Is there an easy way to grab the Unique elements from a list?
For Example:
data = [0.1,0.5,0.6,0.4,0.1,0.5,0.6,0.9]

what I am looking for is the unique elements 0.4 and 0.9 with their
index from the list.
Probably something like a Hash Table approach!!
I would like to get this done without unnecessary overhead.And the list
could be essentially anything strings,floats,int etc...

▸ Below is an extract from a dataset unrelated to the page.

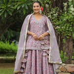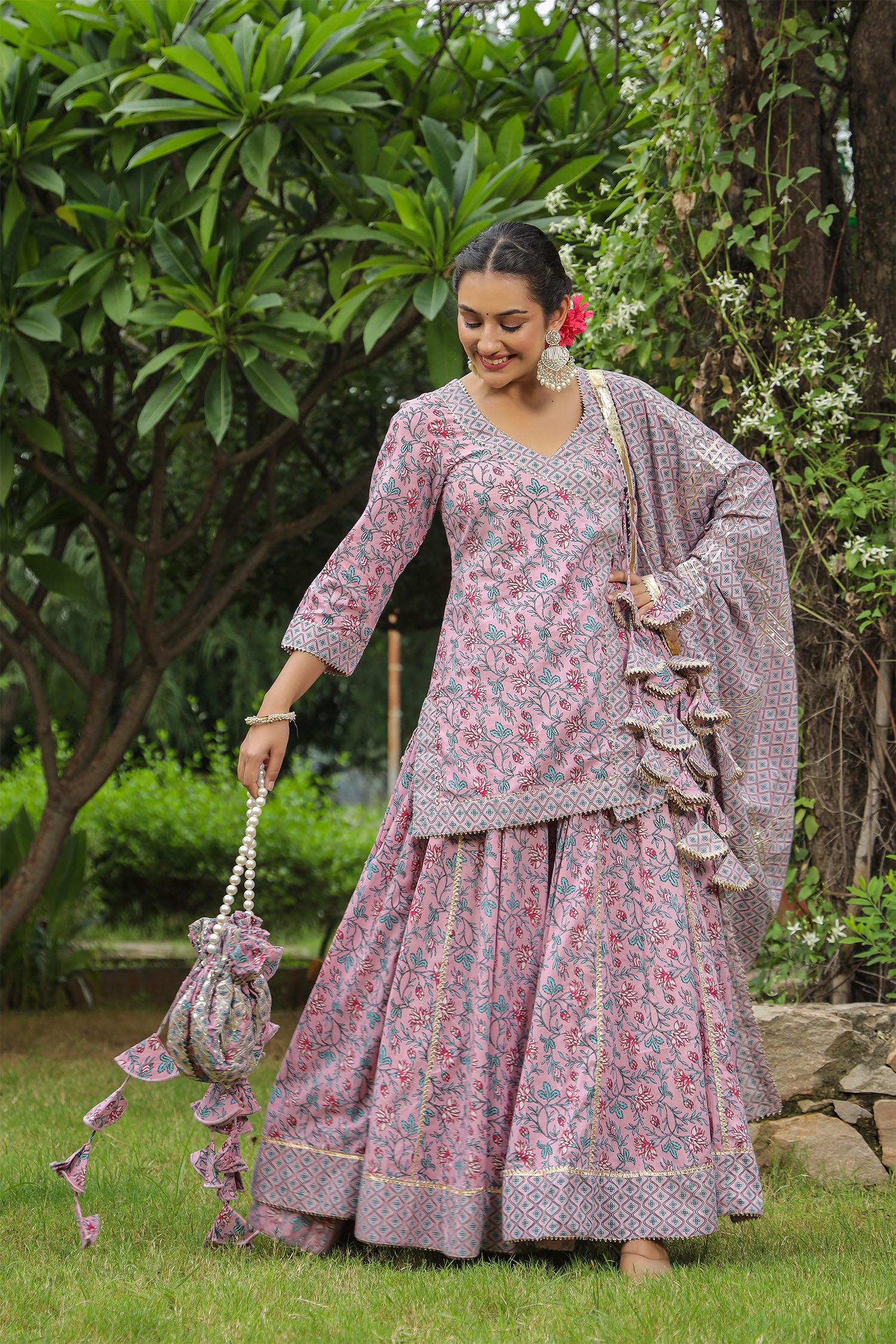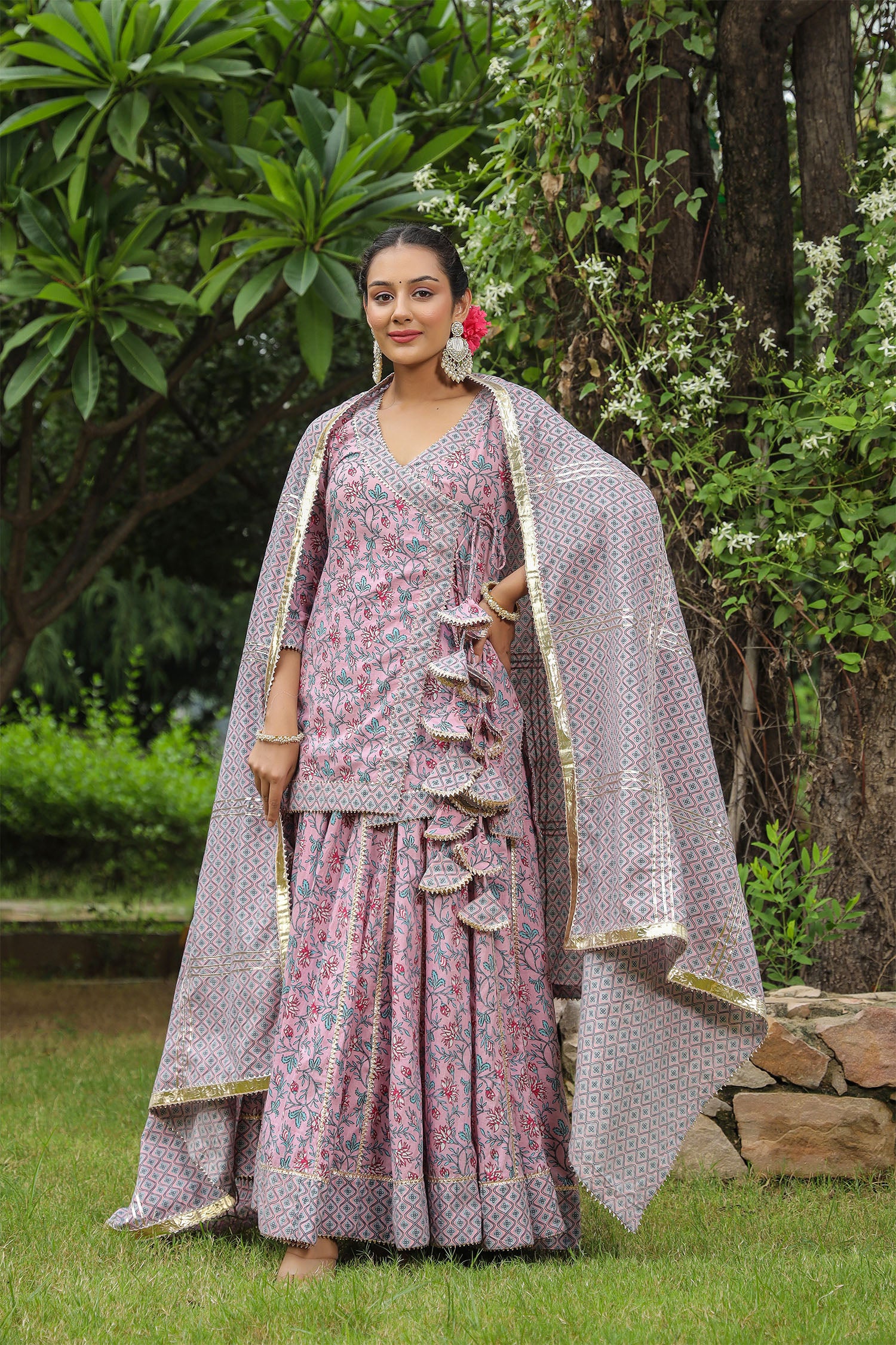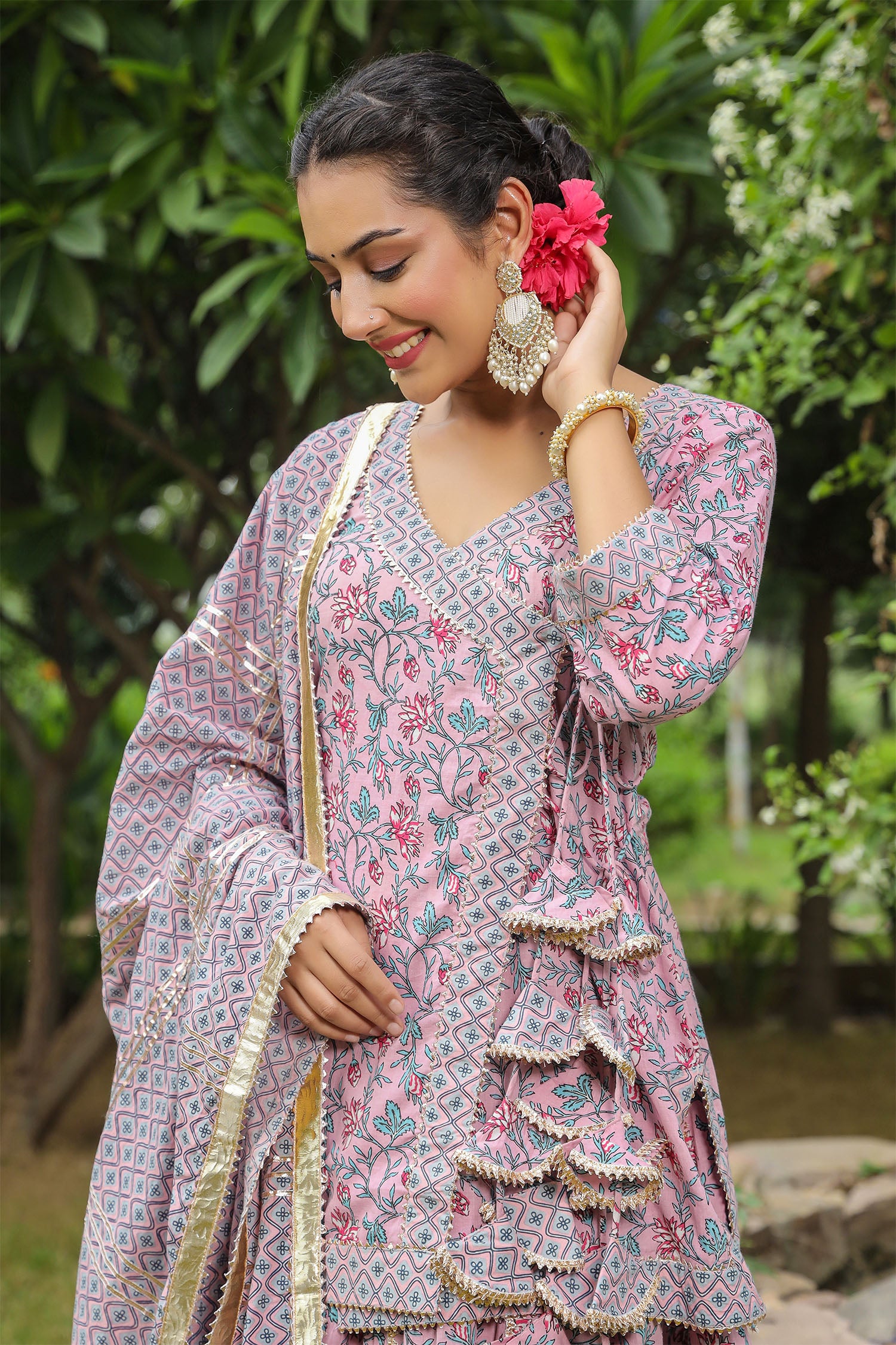 The blossom pink cotton floral printed lehenga set with matching dupatta for an elegant and gracious look.

Or is it already avaliable as an attr to a list or an array?
I dont remember seeing anything like that.

Jul 19 '05 #1
24 4097
OK I need to be more clear I guess!Unique Elements I mean, elements
that are non repeating. so in the above list 0.4, 0.9 are unique as
they exist only once in the list.

Jul 19 '05 #2
This is not the most beautiful idiom, but it works...

d = {}
for k in data:
try:
d[k] += 1
except:
d[k] = 1

for k,v in d.items():
if v == 1:
print k

Jul 19 '05 #3
su*******@gmail.com wrote:
Is there an easy way to grab the Unique elements from a list?

Yes.
The set data type.
Look in the reference of python 2.4.
--
Best regards
Roie Kerstein

Jul 19 '05 #4
On Monday 09 May 2005 03:15 pm, su*******@gmail.com wrote:
Is there an easy way to grab the Unique elements from a list?
For Example:
data = [0.1,0.5,0.6,0.4,0.1,0.5,0.6,0.9]

what I am looking for is the unique elements 0.4 and 0.9 with their
index from the list.
Probably something like a Hash Table approach!!
I would like to get this done without unnecessary overhead.And the list
could be essentially anything strings,floats,int etc...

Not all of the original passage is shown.